- [DATASET]:

* * *

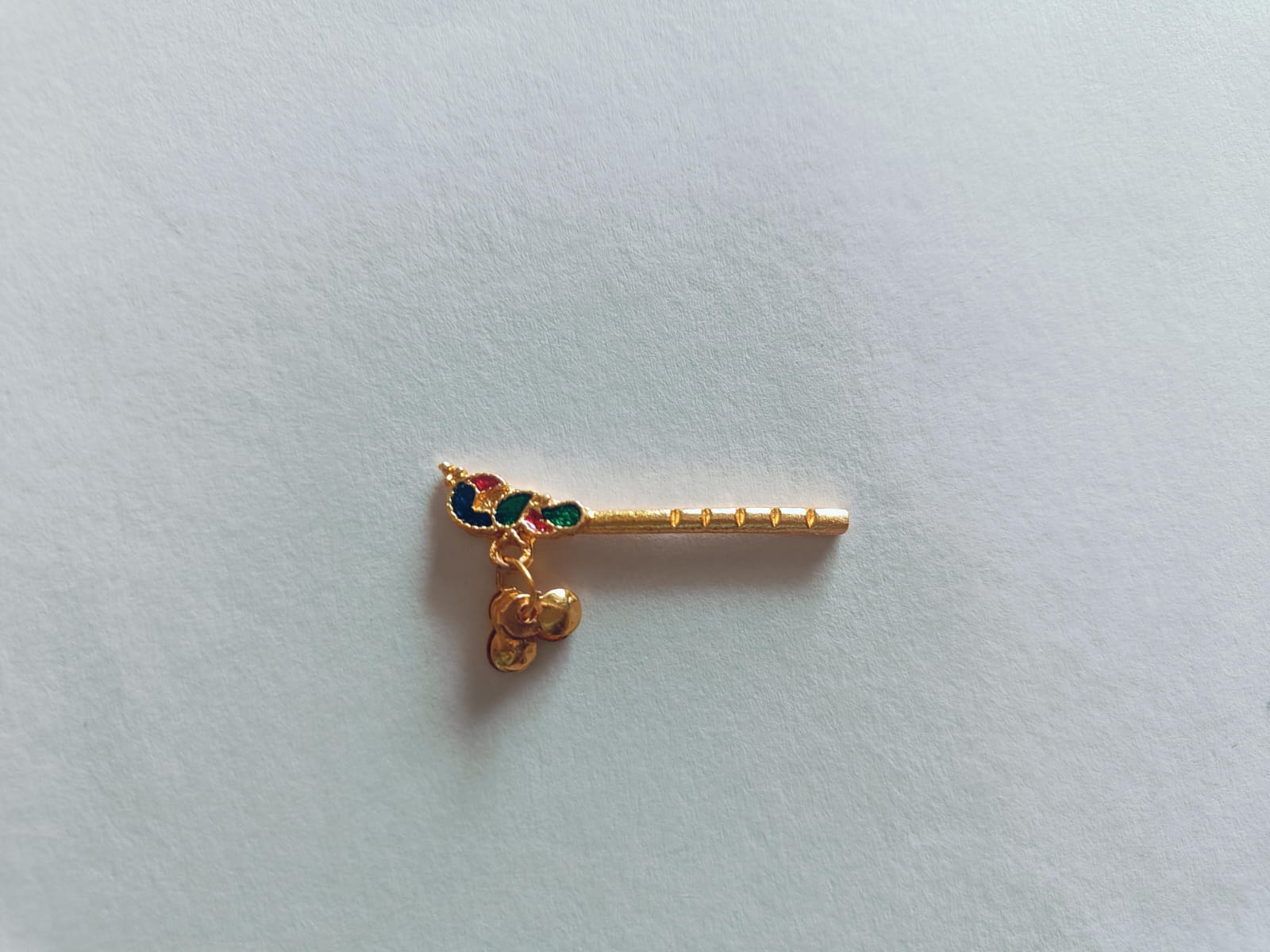 Experience the divine melodies with our exquisitely crafted Metal Bansuri. Made from high-quality metal, this bansuri is designed to produce clear, soothing sounds that are perfect for devotional music and spiritual practices. Its sturdy construction ensures durability, while the precise craftsmanship enhances its aesthetic appeal. Whether used in worship, meditation, or as a decorative piece, this metal bansuri adds a touch of elegance and tranquility to any setting. Ideal for both beginners and experienced players, it is a versatile instrument that embodies the essence of traditional music and spirituality
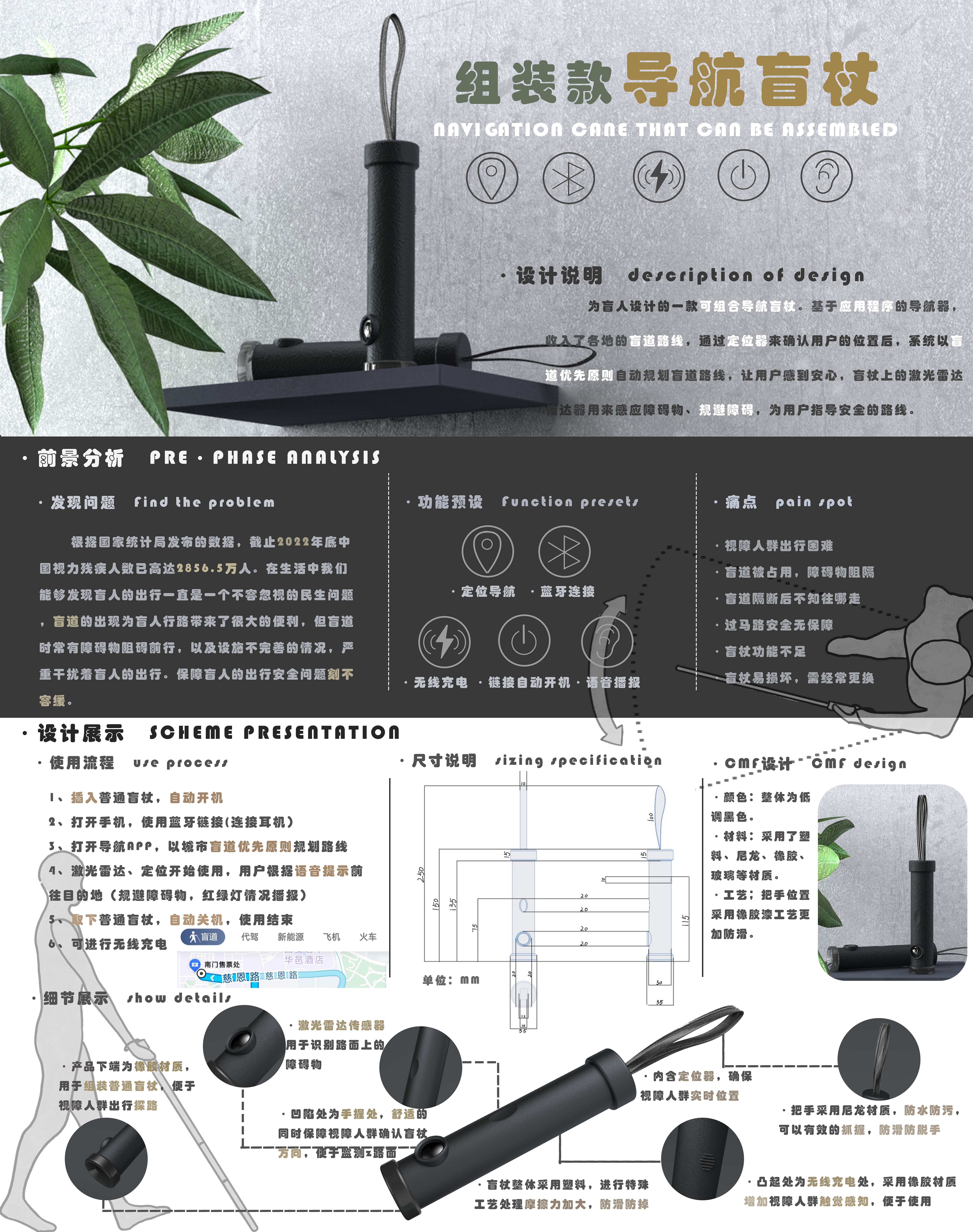 组装款导航盲杖是一款为盲人设计导航工具。基于应用程序的导航器,收入了各地的盲道路线,通过定位器来确认用户的位置后,系统以盲道优先原则自动规划盲道路线,让用户感到安心,盲杖上的激光雷达传达器用来感应障碍物,为用户指导安全的路线。
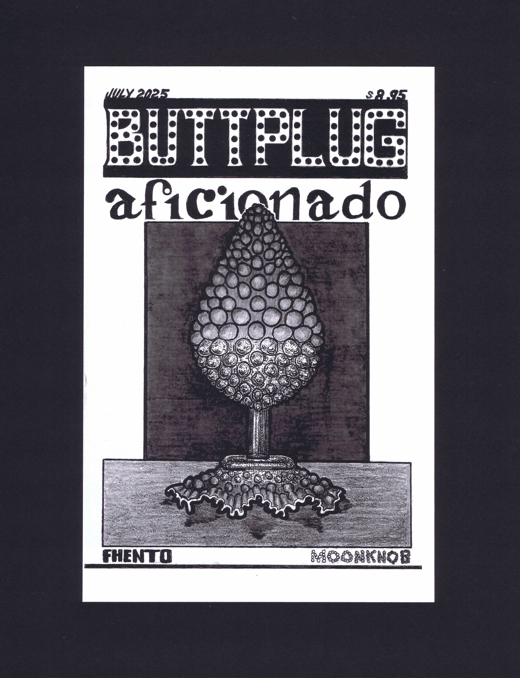 Interactive, multi-page print of 100% hand drawn original artwork. Black laser toner on 8.5x11" white paper. Print is front and back of two sheets of paper, folded and stapled vertically in landscape orientation. Content of BUTTPLUG AFICIONADO art print includes size guide, themed puzzles, a comic, and factiods. All aspects of the print are gender neutral. Resembles - to the untrained eye - a "magazine," but is not a "publication."
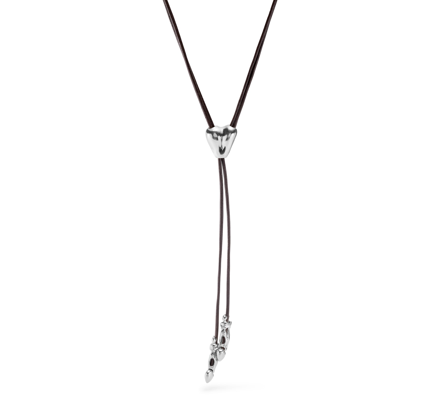 Regular price $252.00 Sale price $152.00 Save $100.00A long leather necklace that features a statement sliding heart, with characters entwined on the ends. Artisan made in Spain this necklace is made from leather, metal alloy casting and silver plating.
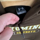 Men's brown Under Armour University of Wyoming Cowboys hoodie sweatshirt pit to pit: 22" length: 24" Fit's like: men's S Item is in good used condition. Look at photos to see the condition. All, if any, flaws have been pictured. See the last photo for measurements along with my suggestion of what it fits like. Please know which measurements fit you prior to purchasing, and don’t just rely on my suggestion. Feel free to ask any questions! ***Item is cross posted on several platforms***
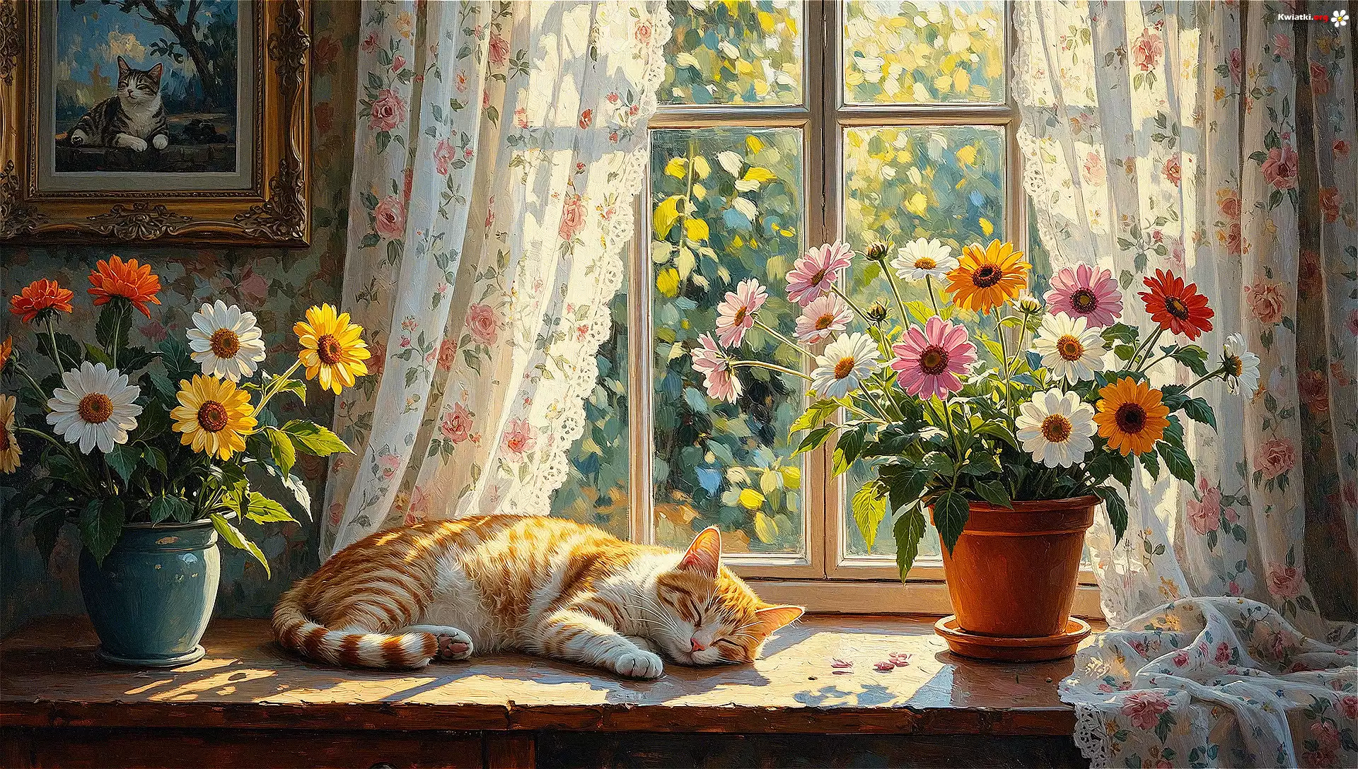 Kwiat Rudy, Śpiący, Kot, Parapet, Okno, Kwiaty, Doniczka, Wazon

* * *

Please return, exactly as written, the lines from the first line of the records above through the line containing "Regular price $252.00", both included, leaving out any pictures.

 Experience the divine melodies with our exquisitely crafted Metal Bansuri. Made from high-quality metal, this bansuri is designed to produce clear, soothing sounds that are perfect for devotional music and spiritual practices. Its sturdy construction ensures durability, while the precise craftsmanship enhances its aesthetic appeal. Whether used in worship, meditation, or as a decorative piece, this metal bansuri adds a touch of elegance and tranquility to any setting. Ideal for both beginners and experienced players, it is a versatile instrument that embodies the essence of traditional music and spirituality
 组装款导航盲杖是一款为盲人设计导航工具。基于应用程序的导航器,收入了各地的盲道路线,通过定位器来确认用户的位置后,系统以盲道优先原则自动规划盲道路线,让用户感到安心,盲杖上的激光雷达传达器用来感应障碍物,为用户指导安全的路线。
 Interactive, multi-page print of 100% hand drawn original artwork. Black laser toner on 8.5x11" white paper. Print is front and back of two sheets of paper, folded and stapled vertically in landscape orientation. Content of BUTTPLUG AFICIONADO art print includes size guide, themed puzzles, a comic, and factiods. All aspects of the print are gender neutral. Resembles - to the untrained eye - a "magazine," but is not a "publication."
 Regular price $252.00 Sale price $152.00 Save $100.00A long leather necklace that features a statement sliding heart, with characters entwined on the ends. Artisan made in Spain this necklace is made from leather, metal alloy casting and silver plating.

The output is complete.